*The "padhacking" thread*

if all the ground points aren’t linked together, it’s not common ground. In your case, some ground points will share with multiple directions/buttons, but they all don’t share the same ground.

Your best bet is to pull individual ground points for each button/input.

What’s the easiest way to get 4 grounds out of a JLF?

Replace the TP-MA PCB in your JLF with 4 separate micro switches, you will have to rewire the joystick harness or get a joystick wire harness adapter.

could I connect the ground wire from the harness to 4 different wires?

or desoldier the switches from the board?

2nd one is more of a option. The issue with the PCB is all the switches COM (Common) or ground as we call it are interconnected which does not lead well to boards that are not common ground.
But desoldering all the switches is a great deal of work. You are better off just cutting the traces on the PCB.

Still if you want the easiest option, just buy individual micro switches and a 5 pin joystick harness to .187 tabs adapter

has anyone pad hacked this yet? diagram? pics? i’ll be ordering soon just want to see what i’ll be dealing with.

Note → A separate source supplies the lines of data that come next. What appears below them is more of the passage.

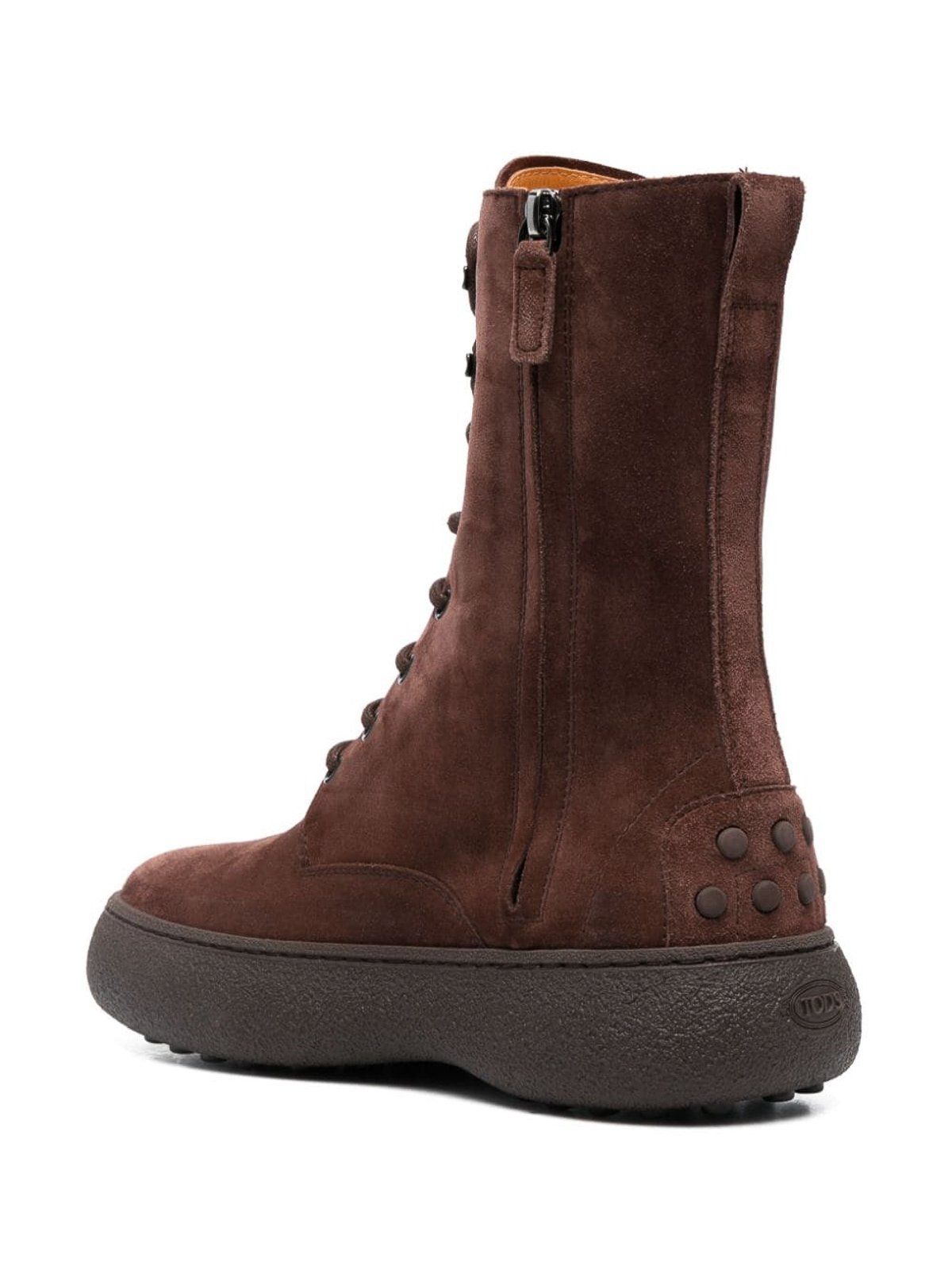 Wg suede lace-up ankle boots by Tod's featuring brown calf leather paneled design in calf suede logo print on front tonal stitching logo pull tab on heel rounded toe front lace-up ankle fastening and chunky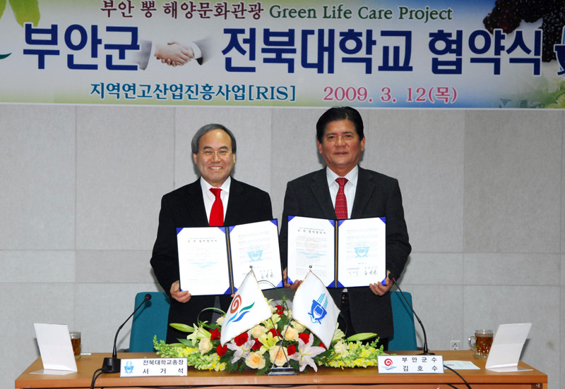 우리 대학과 부안군이 협력 추진 중인 부안뽕 해양문화관광 Green Life Care Project(녹색성장 프로젝트)'사업이2009년 지역연고산업육성사업(사업단장 이양수 교수·이하 RIS사업)에 선정돼 부안뽕 신활력사업이 탄력을 받게 됐다.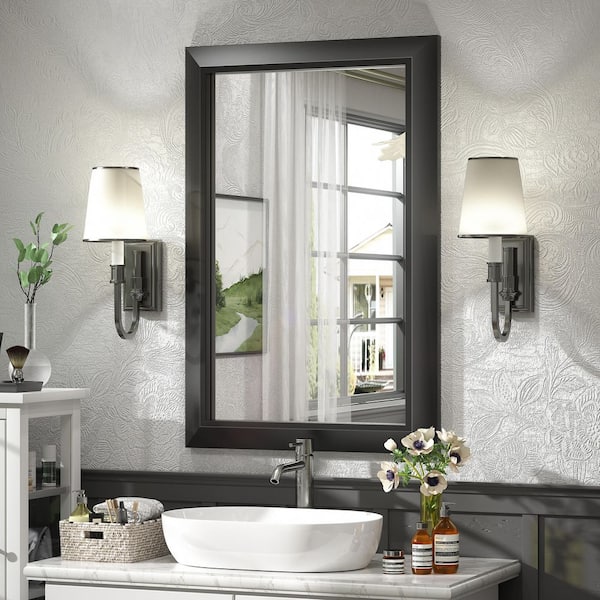 24 in. W x 36 in. H Rectangular Aluminum Alloy Framed and Tempered Glass Wall Bathroom Vanity Mirror in Matte Black

I’m just going to soldier wire straight onto the posts on the PCB.

That’ll work, but you’ll have to make sure to sever the Ground trace on the JLF PCB so that it is no longer a common-ground PCB.

Yes, make sure you cut those traces very well. You do not want to leave a circuit path when you are done.

The thread’s here:

No pin out for it, but @Gummo‌ is going to provide one.

Might sound a bit like a ridiculous question, and this thread’s been inactive a while, but do I need to use a butane soldering iron? I have an electric one, but I’d rather not fry the pad right at the start.

No. Any soldering iron should work provided it has a decent tip and gets hot.

What, where you get using a butane soldering iron from?

Use a electric soldering Iron that produce heat 99.99 of soldering irons out there. (avoid cold weld soldering guns as it uses electrical current not heat to solder and can fry boards.).

I get that from my complete lack of knowledge. Thanks for your answer, I’ll return if something else comes up

Is there a way to use the switch on the qanba q4 or te2 to use it for switching a pad hack instead of the ps3?

Has anyone managed to wire up the 3-way position switch on an xbox MadCatz Fight/Brawl pad
I’m specifically looking to remove and replace the incredibly tiny switch with a bigger one. The bigger switch would then be fitted somewhere reachable on the outside of a case/cabinet.
The switch on the PCB has 6 solder points but I’m not sure if all should be used or …?

/nano

I figured it out in case anyone’s interested:
2 is Ground

Get your self a 2P3T swith like this one and you are good to go

I assume you are speaking of the LS - DP - RS switch? Just set it to DP and forget it.
No console fighter (worth buying) does not use DP only LS. There no Fighting games that use RS.

Hi, so i finally got to own my first Madcatz TE 1 Stick PS3 and I intend to swap out the PCB with a SFXT Fighpad PS3 for Windows compatibility. I can safely follow along this guide which is for the swapping in the Paewang? https://www.youtube.com/watch?v=SVA564Dq9ZY (Thanks to Mr Myers)

Sorry for double posting please remove this post =)

Hey ya’ll.
So, I’m trying to add a 360 Afterglow pcb to a PS3 Hori Fighting Edge as a dual mod. I got everything connected up but haven’t set up power to the touchpanel/led for Start/Select yet (not confident enough yet with that part).
In the mean time, I decided to test out what I’ve already done. Everything worked fine until I press the buttons wired up to the triggers (LT/RT). When I do that (connected to PC), the afterglow pcb disconnects and reconnects (with a flash of lights).
I rechecked my wiring and I don’t see anything unusual. Anyone got any tips please?